O sistema eliminou a fileira inferior, e os modelos da superior flutuaram à minha frente. “A aparência você pode ver diretamente; apresentarei os atributos principais. Primeiro, o anjo: seus ataques e defesas são superiores quando os pontos de atributo são iguais, têm muitos pontos de vida e, naturalmente, sabem utilizar o feitiço de regeneração ‘Sagrado’. Segundo, o demônio: defesa muito alta e ataque mágico elevado, além de recuperação de vida acelerada. Terceiro, meio-elfo: possui agilidade e visão noturna de elfo, mas mais pontos de vida, geralmente comparáveis ao humano. Quarto, elemental espiritual: são magos natos, todos os feitiços têm cinco por cento de bônus de ataque, e recuperam pontos de magia rapidamente. Quinto, meio-orc: ataque e defesa altos como os orcs, mas mantêm a agilidade e inteligência dos humanos; podem ser magos, algo impossível entre os orcs puros. Sexto, meio-anjo: ataque e defesa próximos aos anjos, mas um pouco inferiores; não têm a limitação dos anjos de não aprender feitiços ofensivos e têm maior resistência à magia das trevas. Por fim, a raça dos anjo-demônios, uma mistura de anjo e demônio: possuem ataque físico e mágico elevados. Diferem dos anjos, que absorvem cinquenta por cento do dano de magia de luz, e dos demônios, que absorvem cinquenta por cento de magia das trevas, mas, ao mesmo tempo, não têm defesa zero contra magia das trevas (como os anjos) ou contra magia de luz (como os demônios). Em suma, são uma raça intermediária. Ademais, o sistema limita o número de jogadores dessa raça: apenas as dez primeiras contas que a escolherem terão acesso; no futuro, apenas seis raças especiais estarão disponíveis nos sorteios.”

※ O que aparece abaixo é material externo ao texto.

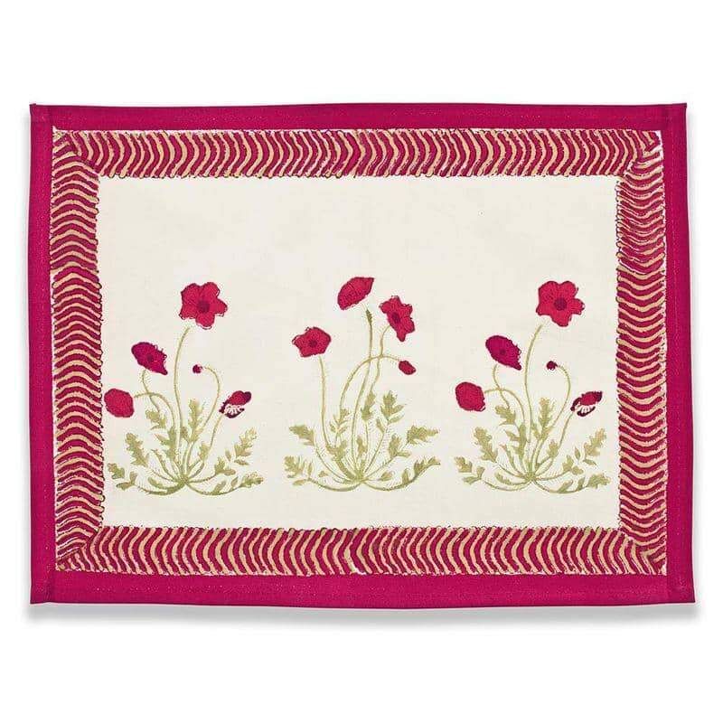 Elegant yet vibrant, the Poppies collection foregrounds the delicate leaves and bold color of an iconic perennial plant. Whether an addition to a terrace table or dining room, this French linen provides an easy way to brighten up a meal. Each of these linens have been carefully handprinted by skilled artisans using a time-honored technique, resulting in a singular piece of craftsmanship.

Entendi! Mas ainda assim, todas são atraentes, difícil escolher! “Pode eliminar as raças que eu descartar?”
“Deseja usar o método de eliminação? Certamente!”
Caramba, que sistema avançado! Inteligência artificial de primeira! Sem hesitar, comecei a seleção. “Elemental espiritual, não quero, muito feio!” O modelo sumiu em partículas de luz, restando seis figuras. “Meio-orc é muito bárbaro, não quero.” Mais um sumiu; cinco restantes. “Meio-anjo e meio-elfo não têm vantagens claras, exclua-os!” Restaram três! Agora, qual escolher? “Meu personagem chama-se Ziri, anjo não combina com o nome, exclua!” Só dois restam! O demônio é claramente voltado para magos; prefiro cavaleiros. “Decidi, escolho a raça dos anjo-demônios!”
O sistema respondeu imediatamente: “Raça dos anjo-demônios escolhida com sucesso. Parabéns, você é o primeiro a optar por essa raça; o sistema concede-lhe um ponto extra de atributo básico. Agora, por favor, configure a aparência do personagem.”
Diante de mim, restava apenas o modelo dos anjo-demônios. Observei com atenção. A altura permanecia igual à minha real, cento e setenta e dois centímetros; parece que essa raça não oferece bônus de altura. Membros proporcionais, rosto levemente exótico, e, além de um par de asas negras nas costas, pouco se diferenciava do meu eu real. “Posso retirar essas asas?”
“Desculpe! As asas são uma das características essenciais dos anjo-demônios, assim como não se pode exigir que anões tenham mais de um metro e sessenta. Mas fique tranquilo: as asas podem ser retraídas; se não as mostrar, ninguém verá.”
“Ótimo! Quero então afinar as linhas do rosto, menos curvas, mais ângulos definidos; o nariz, mais proeminente; e os olhos, mais penetrantes!” Enquanto via as mudanças se formarem diante de mim, fiquei satisfeito com o resultado.
“O limite de alterações foi atingido. Deseja confirmar esta aparência?”
Olhei mais uma vez. Apesar de meus esforços para masculinizar e até tornar o rosto menos atraente, ainda parecia feminino! Suspiro... Paciência, deixarei assim mesmo. “Confirmo esta aparência!”
“Confirmação bem-sucedida! Personagem gerado!”